Three millions of youth, between the ages of six and twenty-one, are now rapidly coming forward, to take rank as the future husbands and fathers, legislators and divines, instructors and governors, politicians and voters, capitalists and laborers, artisans and cultivators, of this vast country, whose destinies are yet so faintly imagined, much less developed.
Not one is so humble that he will not certainly exert influence—it may be an immense and imperishable influence, on the happiness and elevation of his country and his race. The humblest cottage maiden, now toiling thankfully as the household servant (some proud family by whom she is regarded as nobody, may yet be the mother of a future President—or, nobler still, of some unaspiring but God-directed man, who as a teacher of righteousness, an alleviator of human suffering, a successful reprover of wrong, sensuality or selfishness, may leave his impress on the annals of the world as a lover and servant of his race. Nearly all our now eminent men, politically—Jackson, Clay, etc. were not merely of poor and humble parentage, but left orphans in early life, and thus deprived of the support and counsel which seems most eminently necessary to success in the world's rugged ways.
In the higher walks of genuine usefulness, the proportion of those enjoying no advantages of family influence or hereditary wealth, who attain the loftiest eminence, is very great.

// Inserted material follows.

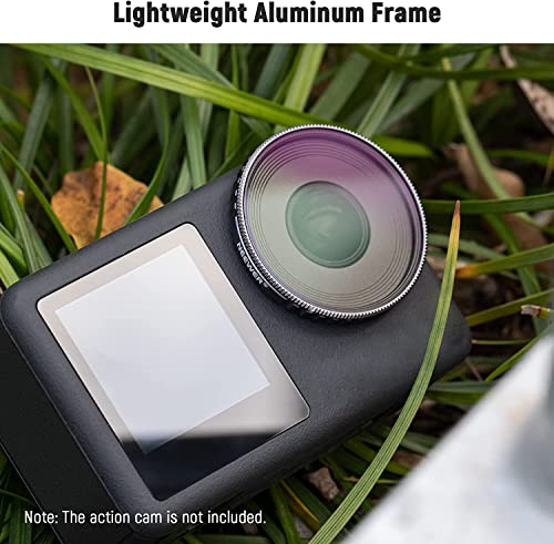 [Vetro Ottico a Definizione Alta Multi-rivestito a Doppio Lato] Costruiti con vetro ottico a definizione alta, i filtri offrono immagini a nitidezza elevata bloccando l'illuminazione intensa. I filtri adottano multipli strati di nano-rivestimento su tutti e 2 i lati, rendendo la superficie efficacemente protettiva contro polvere, graffi, acqua, olio e impronte digitali. Inoltre, i filtri stessi funzionano come uno strato di protezione per l'obiettivo originale dell'action cam.

Call to mind the first twenty names that occur to you of men distinguished for ability, energy, philanthropy, or lofty achievement, and generally three-fourths of them will be those of men born in obscurity and dependence.
All Literature is full of anecdotes illustrative of these encouraging truths: a single fact now occurs to me which I have never seen recorded: I have often worshipped in a Baptist meeting house in Vermont, wherein at its construction some thirty years since a studious and exemplary young man was for some time employed as a carpenter, who afterward qualified himself and entered upon the responsibilities of the Christian Ministry. That young man was Jared Sparks, since Editor of the 'North American Review,' of Washington's voluminous Writings, &c. and now recognized as one of the foremost scholars, historians and critics in America.
I propose here to set forth a few important maxims for the guidance and encouragement of those youth who will hearken to me—maxims based on my own immature experience and observation, but which are doubtless in substance been propounded and enforced by elder and wiser men long ago and often.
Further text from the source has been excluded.